• Commentary On Reported Mark Teixeira Deal

    Posted by on December 23rd, 2008 · Comments (25)

    When I look at this transaction, I see it as having three parts.

    The first part is the immediate on-the-field impact to the Yankees today and in the near future. Will having Mark Teixeira help the Yankees? Well, yeah…duh. With the bat, Teixeira replaces the three-hitter that the Yankees lost after 2008 (Bobby Abreu) and matches the offensive production that the Yankees have recently received from the now departed Jason Giambi. The latter got you puzzled? Check the numbers. From 2005 through 2008, Jason Giambi had 123 RCAA and Mark Teixeira had 173 RCAA over the same time span. However, during that time, Giambi had 6.17 RCAA/100 PA and Teixeira had 6.37 RCAA/100 PA. Basically, in terms of being a “force” they’re both about the same type of offensive player.

    And, of course, Teixeira is a Gold Glove defender.

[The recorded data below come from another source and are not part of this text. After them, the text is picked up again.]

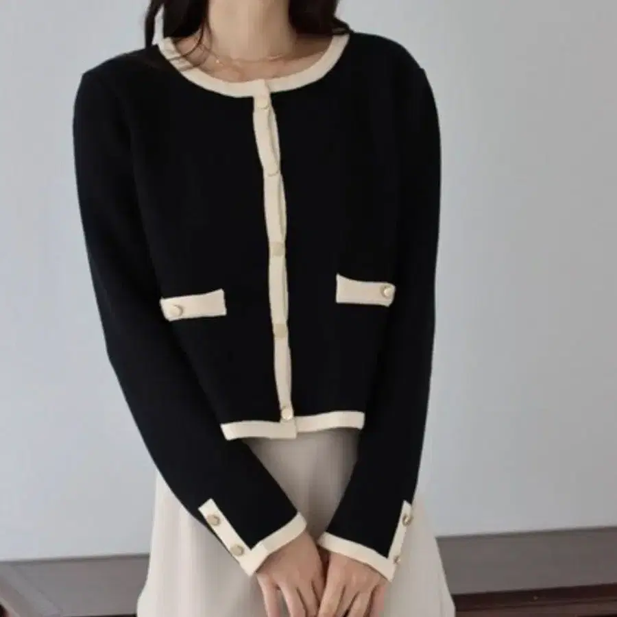 방문해 주셔서 감사합니다. 인터넷으로 구매한 후 착용하지 않고 보관했습니다. 택 포함 미사용 새상품입니다. - 색상: 블랙 - 디자인: 노카라, 버튼 부착, 포켓 부착 - 소재: 니트 사이즈 - M
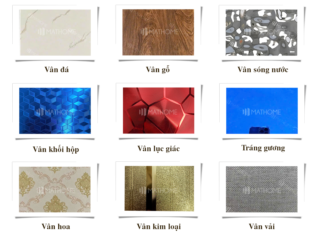 + Vân đá + Vân vải + Hoa + Đơn sắc (nhiều tương đồng với nhựa nano) |
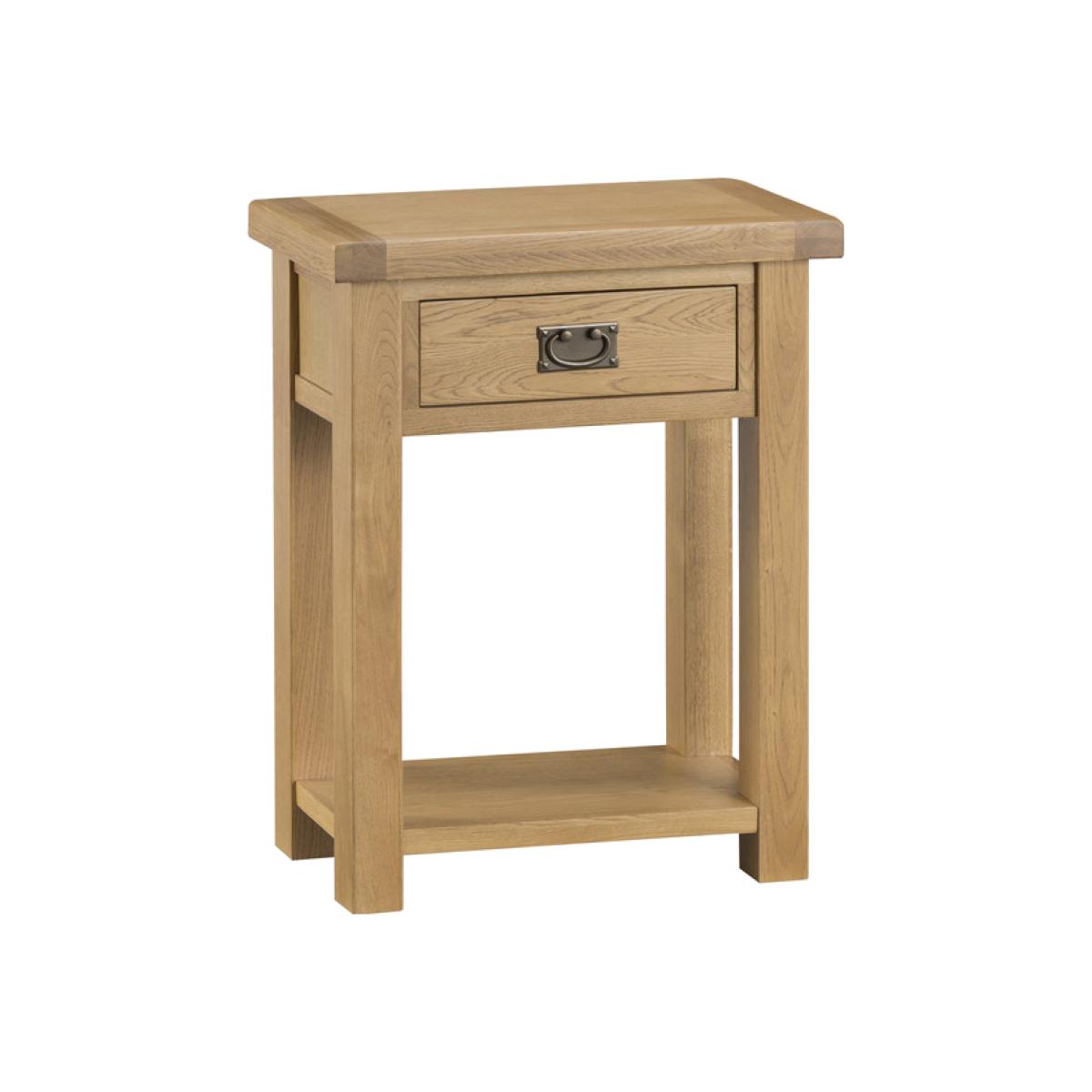 The Bisbrooke Country Telephone Table is a Side Table designed to give you a whole host of options to explore. Thanks to the compact footprint and elegant legs you can use it in the hallway, on the landing or just to adorn a corner of the lounge or dining room. And because of the way the premium quality oak contrasts with the brass effect handle, you can enjoy the country-style look that you’ve been trying to find all these years. Now it’s over to you to explore the rest of the range and treat yourself to a few other matching touches.
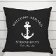 Un coussin moderne chic sur le thème nautique pour votre bateau qui présente une illustration blanche d'une ancre sur un arrière - plan noir. Vous pouvez personnaliser le texte "Welcome Aboard" ainsi que le nom et l'emplacement de votre bateau dans une typographie blanche moderne.
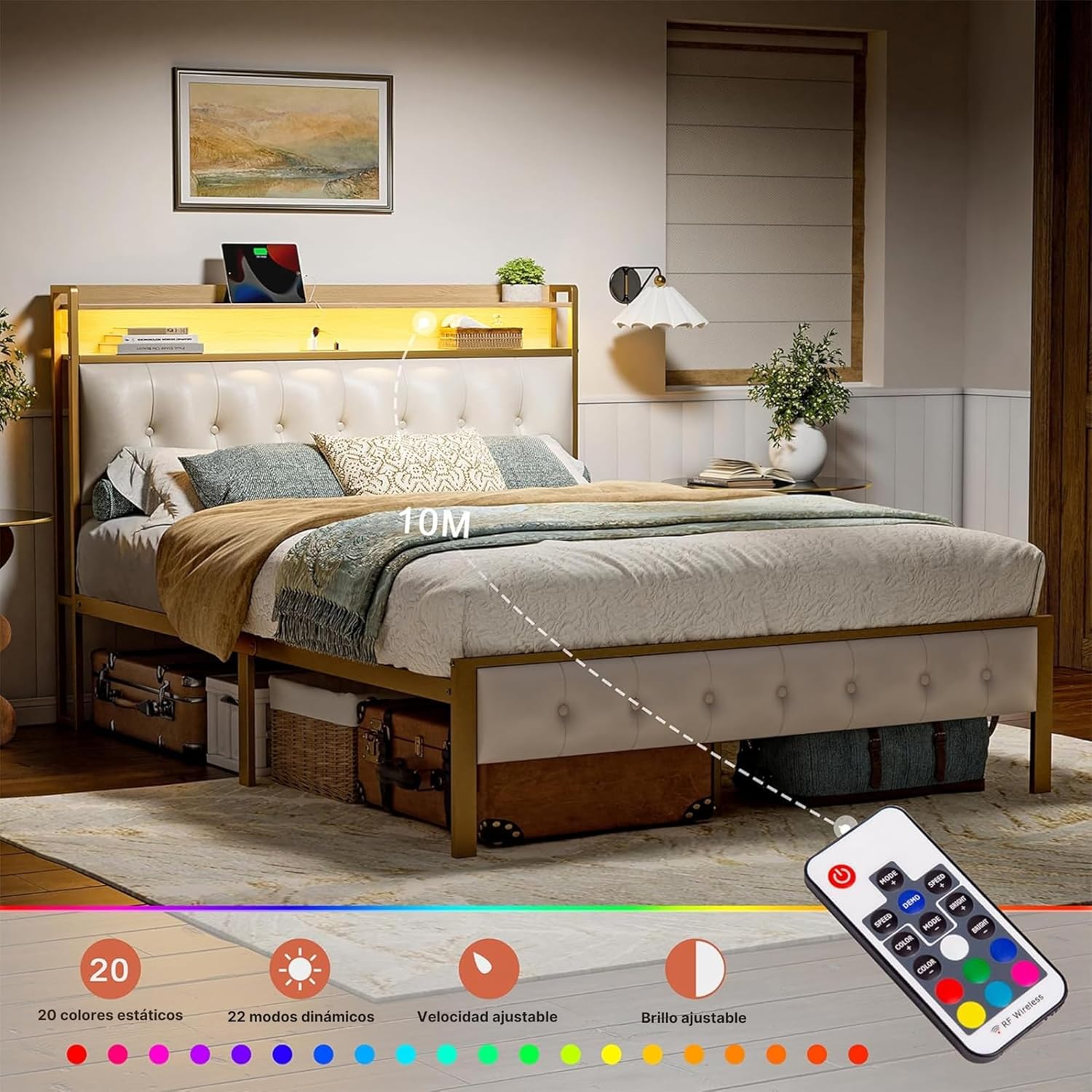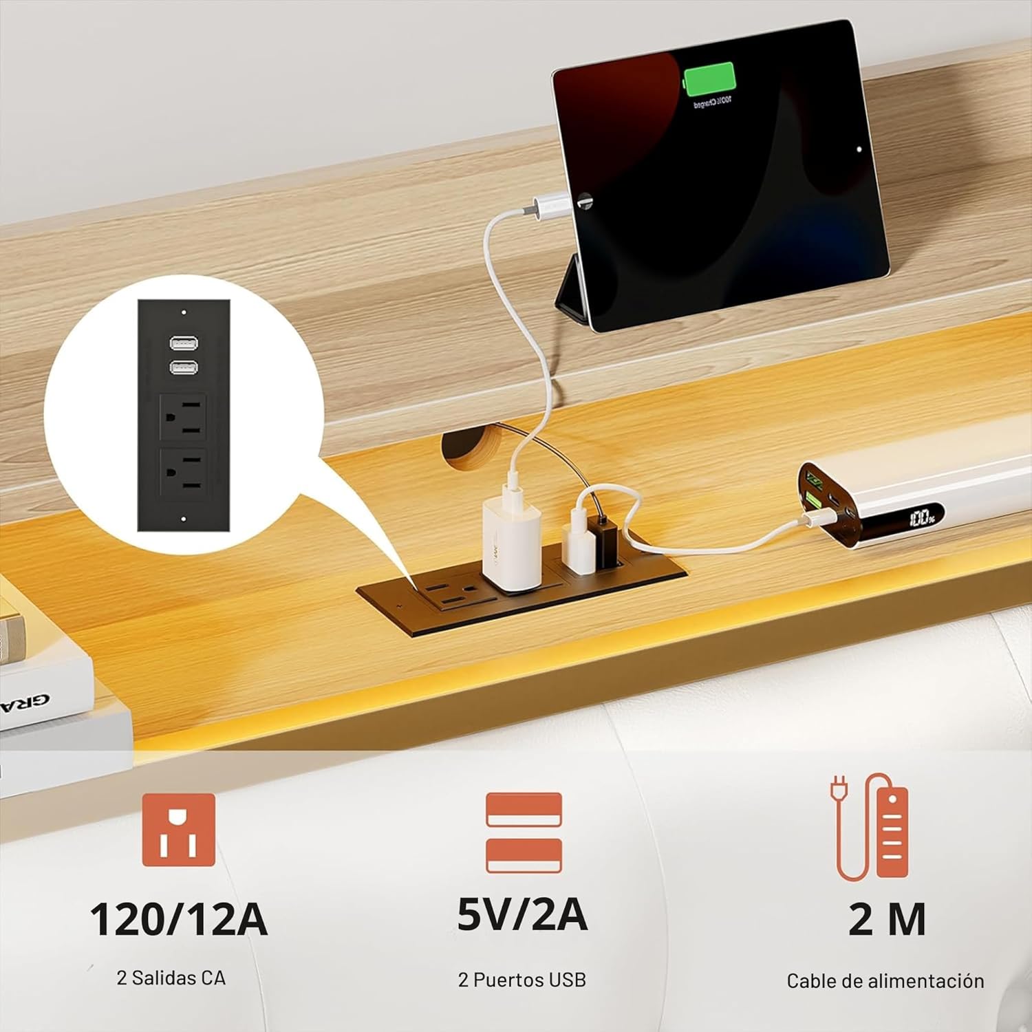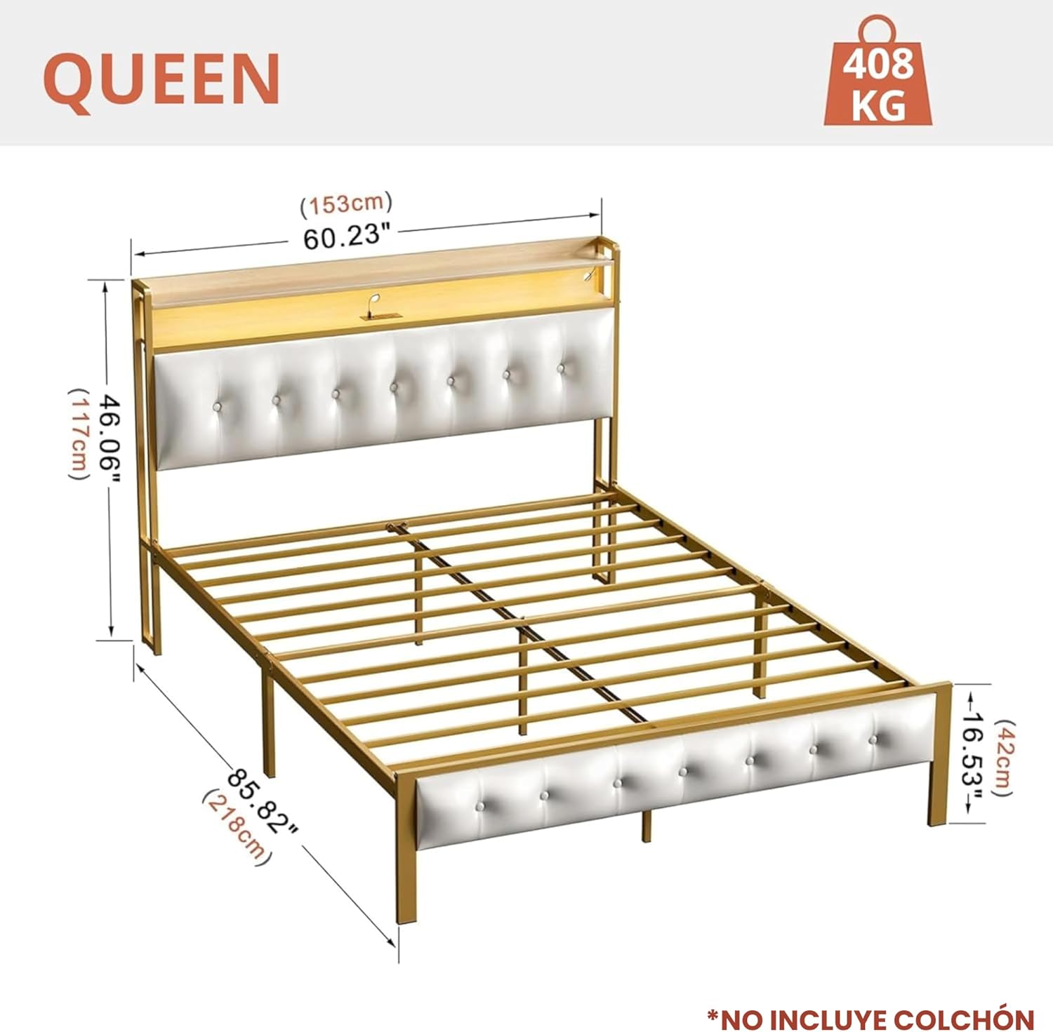 | Característica especial | Puerto USB, Luces LED, Salidas de CA., No incluye colchón |
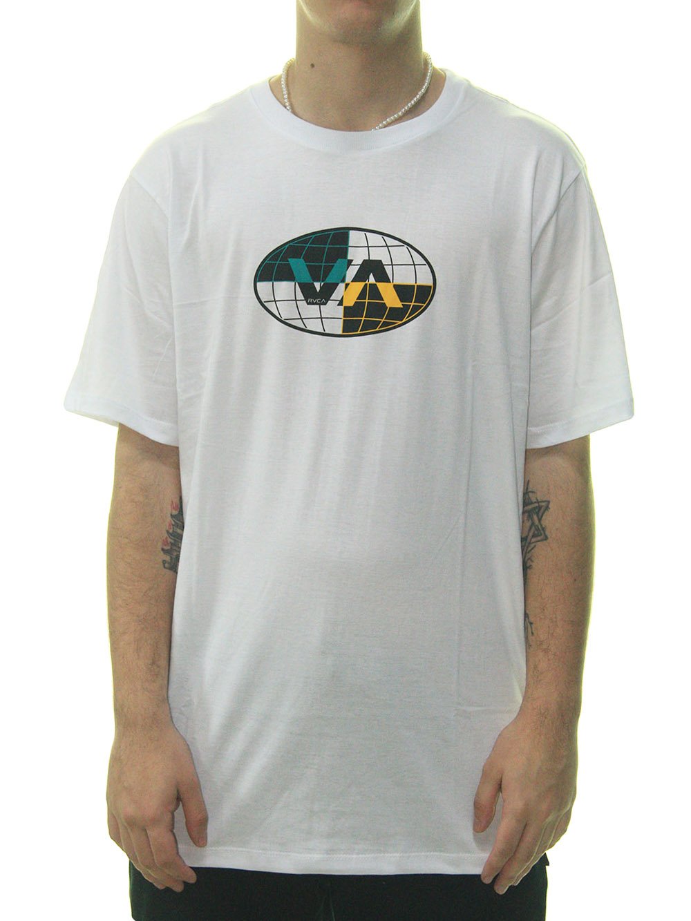 Camiseta Masculina RVCA Global Manga Curta Estampada - Branco
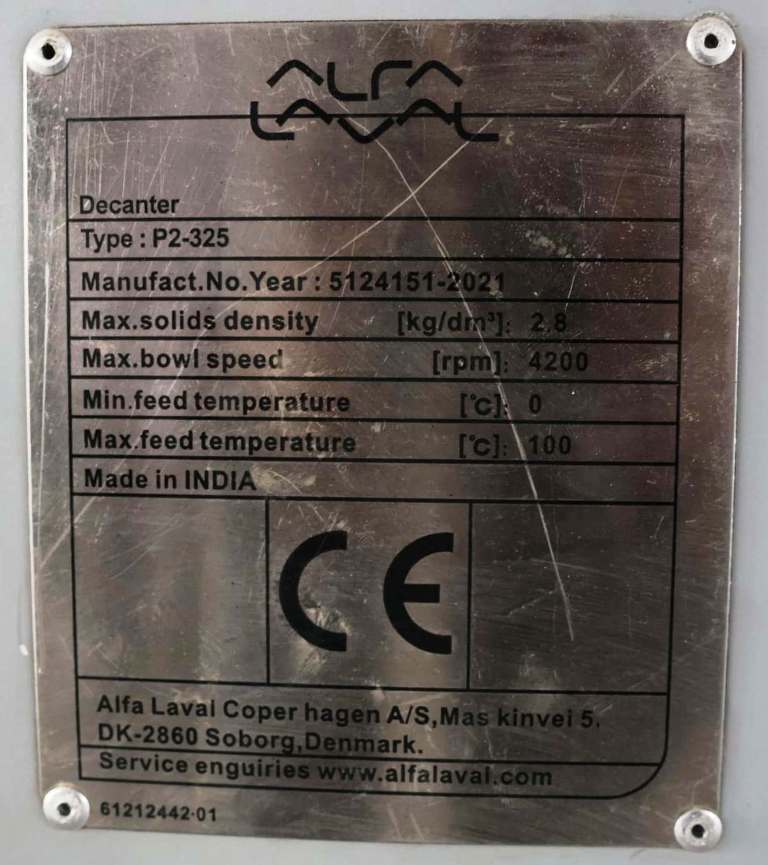 The Alfa-Laval P2-325 sanitary decanter centrifuge, 316SS. is engineered for high-performance separation processes in various industrial applications, particularly in the food and beverage, pharmaceutical, and chemical industries. With a maximum bowl speed of 4200 RPM and a centrifugal force of 3482x G, this decanter centrifuge excels in efficiently separating solids from liquids, ensuring optimal product quality and yield. The bowl dimensions of 353 x 1460mm (13.9 x 57.5") provide ample capacity for handling substantial volumes, while the 10-degree beach angle facilitates effective solid discharge. The 360-degree cake discharge system enhances operational efficiency, allowing for continuous processing without the need for manual intervention, thus minimizing downtime and maximizing productivity.
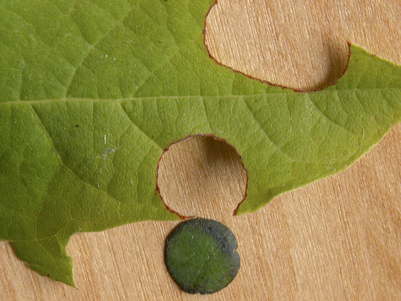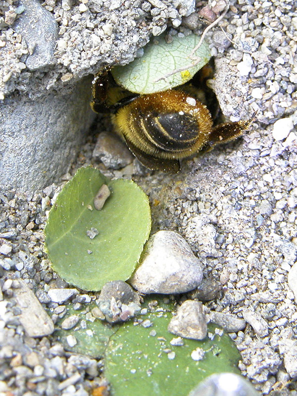 Borror, Delong and Triplehorn write, in An Introduction to The Study of Insects, 4ed, “It is not uncommon to find plants from which circular pieces have been cut by these bees.” Indeed, we did find a Bigleaf Maple nearby with leaf cutouts that exactly matched the size of the circular bits of leaf we saw under the rock (slides 4 and 5).
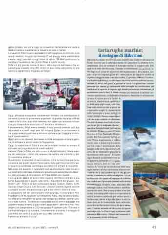mazione le vasche per la stabulazione delle tarta- rughe marine e un’area con funzione di museo nel- l’ambito della quale prende spazio una piccola mostra a carattere scientifico-divulgativo. Il Cen- tro Soccorso vive grazie all’impegno di volontari che coadiuvano il personale presente nelle attività di monitoraggio, recupero, cura e marcatura delle tartarughe marine e nell’informazione e sensibiliz- zazione dei turisti. Non si tratta peraltro di un fatto isolato: la tecnologia Hikvision si occupa infatti da anni di protezione ambientale per tutelare specie a rischio come i panda, le tigri siberiane e le oche in- diane (note per le caratteristiche barre sulla testa, da cui il nome Bar-headed Goose). In quest’ultimo caso, l’habitat naturale ad alta quota di questa particolare oca, in Cina, è oggi monitorato dalle telecamere Hikvision e i filmati sono trasmessi li- ve in streaming ad alta definizione.
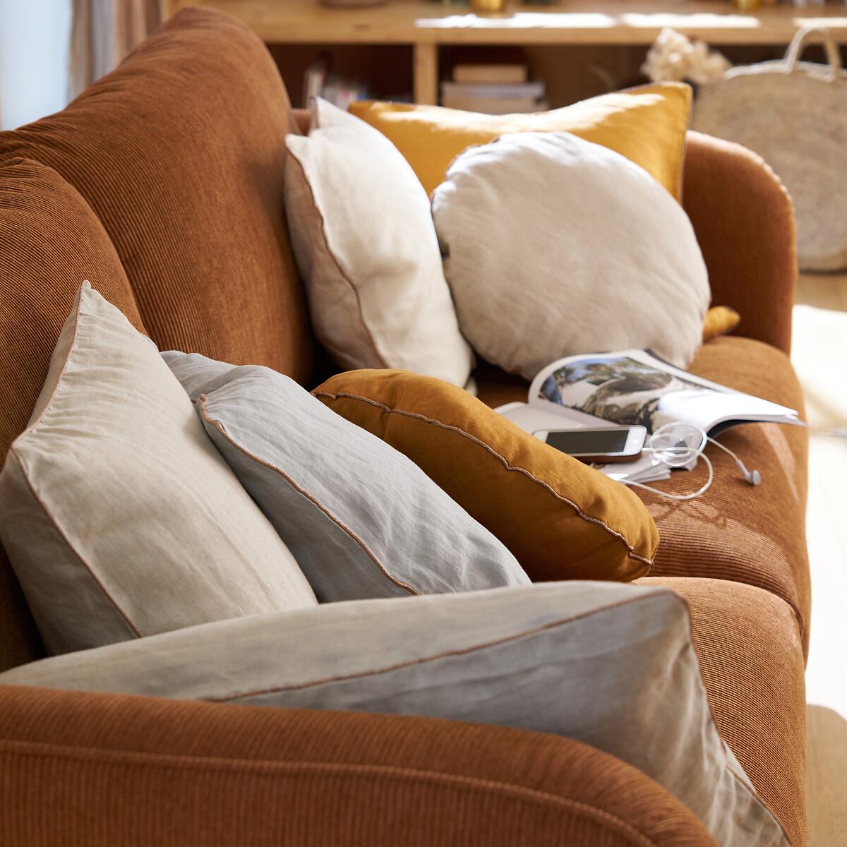 The Onega washed linen cover with a slightly wrinkled effect. Product Details • 100% pre-washed linen • Gold taped-edging trim • Concealed zip fastening. See the Terra cushion pad collection online. Sizes • 45 x 45cm • OEKO-TEX® Standard 100. Standard 100 certification by OEKO-TEX® tests textile products for harmful substances via an independent, international label.
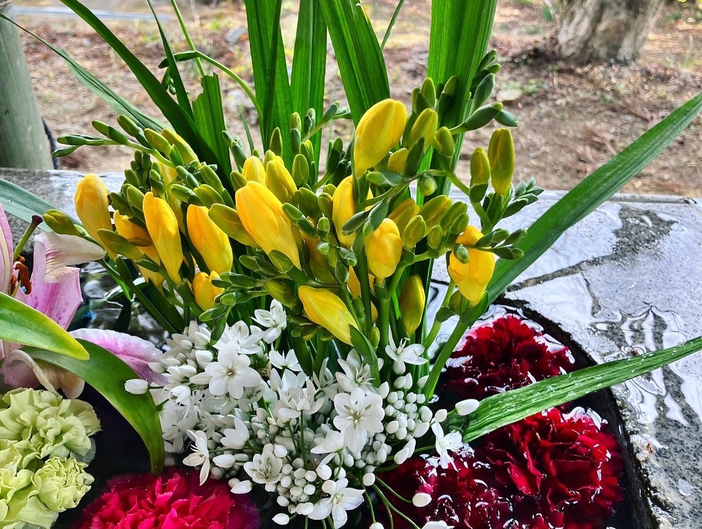 那賀町産の色とりどりの花きで花手水を行い、参拝客を癒やします。

    Actually, Mark Teixeira is a player somewhat like a Carlos Beltran, Lance Berkman, David Wright or even a J.D. Drew. O.K., he’s really better than Drew. But, while Teixeira is a sabermetric dream, he’s not a monster batter like a Albert Pujols, Manny Ramirez, or Alex Rodriguez during one of his recent MVP seasons. And, that leads us to the second part of this deal – his compensation.

    The reported eight-year $180 million price tag that the Yankees paid for Teixeira is a bit crazy. I know what the Yankees are thinking here. Well, at least I can guess at it. They probably figure “We were paying Giambi $21 million a season. So, what’s the big deal if we pay Teixeira $22.5 million a year?” And, to many, that makes some sense. But, I think the goal should be to not pay anyone $20+ million a year – even if you can afford it. But, hey, I’m sure many Yankees fans couldn’t care less about the money – they just want good players and a team that wins.

    Lastly, we have that third part – the long-term future. Back on October 7, 2008, I took a look at Mark Teixeira to see if the stats suggested that he was a lock to keep producing, the way he is now, into his 30′s. But, the answer is not clear. How Mark Teixeira will “age” is anyone’s guess at this stage.

    My guess? I’m calling “Ken Singleton” on this one – since he and Teixeira are/were the same kind of hitters. That would mean that Mark Teixeira should be a solid offensive performer for the next five seasons – and then we’ll start to see a pretty good drop-off from him with the stick during 2014, 2015 and 2016. And, that’s where it’s going to get ugly – when he’s not going so well and making a ton of money. Add a (then) 38-year old Alex Rodriguez to the mix in 2014 and the Yankees will be paying two past-their-prime former All-Stars mucho denaro.

    But, then again, for all we know, A-Rod and Teixeira could be owning the Las Vegas Dan Tannas (formerly known as the Florida Marlins) by 2014 and would have already demanded their trade from the Yankees to their own team by then…and, that solves that problem for New York.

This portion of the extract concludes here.